3D perception faces data and implementation challenges.

Making 3D perception at scale a reality

What makes Qualcomm AI Research’s leading 3D perception research unique is that we develop novel AI techniques, build real-world deployments through our full-stack AI research, and create energy-efficient platforms to make 3D perception ubiquitous. Our purposeful innovation has led to many 3D perception breakthroughs both in novel research and in proof-of-concept demonstrations on target devices, thanks to our full-stack optimizations using the Qualcomm AI Stack toolkits and SDKs. I’d like to highlight four key areas of our leading 3D perception research: depth estimation, object detection, post estimation, and scene understanding, as shown here:

Our leading 3D perception research.

Accurate depth estimation across different modalities

Depth estimation and 3D reconstruction is the perception task of creating 3D models of scenes and objects from 2D images. Our research leverages input configurations including a single image, stereo images, and 3D point clouds. We’ve developed SOTA supervised and self-supervised learning methods for monocular and stereo images with transformer models that are not only highly efficient but also very accurate. Beyond the model architecture, our full-stack optimization includes using neural architecture search with DONNA (Distilling Optimal Neural Networks Architectures) and quantization with the AI Model Efficiency Toolkit (AIMET). As a result, we demonstrated the world’s first real-time monocular depth estimation on a phone that can create 3D images from a single image. Watch my 3D perception webinar for more details.

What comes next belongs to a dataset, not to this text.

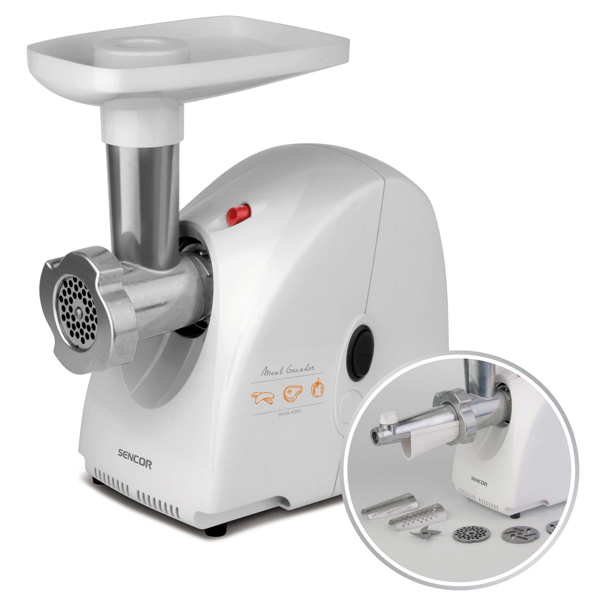 SENCOR used here top quality materials like stainless steel blades and durable powerful motor. And there are more functions thanks to accessories for juicing soft fruits into a healthy fresh juice and producing sausages from different types of meat and spices.

Efficient and accurate 3D object detection

3D object detection is the perception task of finding positions and regions of individual objects. For example, the goal could be detecting the corresponding 3D bounding boxes of all vehicles and pedestrians on LiDAR data for autonomous driving. We are making possible efficient object detection in 3D point clouds. We’ve developed an efficient transformer-based 3D object detection architecture that utilizes 2D pseudo-image features extracted in the polar space. With a smaller, faster, and lower power model, we’ve achieved top accuracy scores in the detection of vehicles, pedestrians, and traffic signs on LiDAR 3D point clouds.

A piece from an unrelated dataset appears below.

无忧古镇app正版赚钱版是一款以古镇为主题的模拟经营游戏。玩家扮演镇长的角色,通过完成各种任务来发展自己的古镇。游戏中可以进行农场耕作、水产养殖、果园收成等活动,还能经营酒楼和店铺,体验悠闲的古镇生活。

Low latency and accurate 3D pose estimation

3D pose estimation is the perception task of finding the orientation and key-points of objects. For XR applications, accurate and low-latency hand and body pose estimation are essential for intuitive interactions with virtual objects within a virtual environment. We’ve developed an efficient neural network architecture with dynamic refinements to reduce the model size and latency for hand pose estimation. Our models can interpret 3D human body pose and hand pose from 2D images, and our computationally scalable architecture iteratively improves key-point detection with less than 5mm error – achieving the best average 3D error.

3D scene understanding

3D scene understanding is the perception task of decomposing a scene into its 3D and physical components. We’ve developed the world’s first transformer-based inverse rendering for scene understanding. Our end-to-end trained pipeline estimates physically-based scene attributes from an indoor image, such as room layout, surface normal, albedo (surface diffuse reflectivity), material type, object class, and lighting estimation. Our AI model leads to better handling of global interactions between scene components, achieving better disambiguation of shape, material, and lighting. We achieved SOTA results on all 3D perception tasks and enable high-quality AR applications such as photorealistic virtual object insertion into real scenes.

Our method correctly estimates lighting to realistically insert objects, such as a bunny.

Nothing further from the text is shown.